My last experience at the imaging center I had been going to for ten years was terrible. When I was called to the desk to provide additional information, the receptionist asked me for my photo ID, handed it back to me, and then began to quiz me on what was on the ID she had just made a copy of. Her demeanor during our exchange was complete dismissal of me as a person. I admit to being highly intolerant of being treated that way and vowed to change providers next time.

I just completed my 11th mammogram and it turned out to be one of the top three healthcare experiences in my life. I arrived at my appointment ten minutes early and upon entry I was a bit confused as to which direction Suite 140 would be. A friendly elderly man approached me and asked if he could help.
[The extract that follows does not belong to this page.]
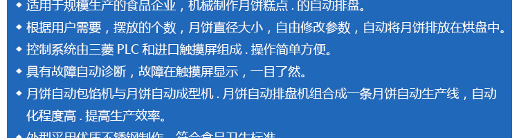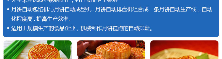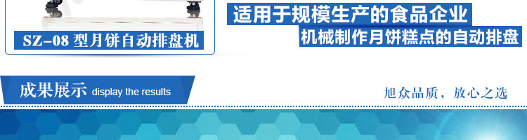 SZ-08型月餅自動排盤機,可同于制作各種月餅。適用于蛋糕房、休閑食品廠、食品加工產(chǎn)、面包房、月餅加工廠、超市、學(xué)校、食堂等各種工作場所??蓾M足不同客戶群體。免費提供工藝技術(shù)。

I told him I was looking for the Breast Center for a mammogram and he said, “Follow me and I will show you.” He walked me to the door and held the door open as I walked in.

Once in the door, I followed the instructions and signed in and waited. A receptionist appeared in less than two minutes and asked me to step up to the window. She greeted me in a warm welcoming way and asked for my ID and insurance card. She asked me to sign a few documents and asked if anything had changed regarding my residence. I appreciated her asking me if anything had changed compared to the other Breast Center I had gone to for ten years where they made me fill out three pages of redundant information that made me feel like I was a first time patient.

I was instructed to have a seat and someone would come out to get me. I waited less than three minutes before this friendly face with a visible nametag that read ‘Mildred’ escorted me to the changing room and told me that there were lockers for me to use. Mildred told me that once I had changed, she would come back to get me. I waited less than a minute before a smiling face appeared and escorted me to the imaging area where she would perform the mammogram.

We entered the room where I saw the newest technology, a small, impressive- looking machine that would take an efficient, high-resolution mammogram. This is the part of the experience where, if you are not a woman, you may not understand, but the relationship with a complete stranger becomes very intimate at this point in the test. Not only do you feel vulnerable standing there half topless but you also have someone you met only minutes ago holding your breast and placing it in positions that will soon become uncomfortable.

But Mildred was kind in her approach and asked me if I was okay. She participated in conversation to overcome my nervousness and she took my verbal queues as an opportunity to show me how the digital pictures looked after each side was completed. I felt respected for my level of intelligence and, more than that, I felt cared for.

The reward for Mildred’s approach to her ‘work’ is that I will go back to this Breast Center every year with a sense of confidence rather than apprehension. And I will blog, tweet and tell everyone I know to go there too because of how she made me feel!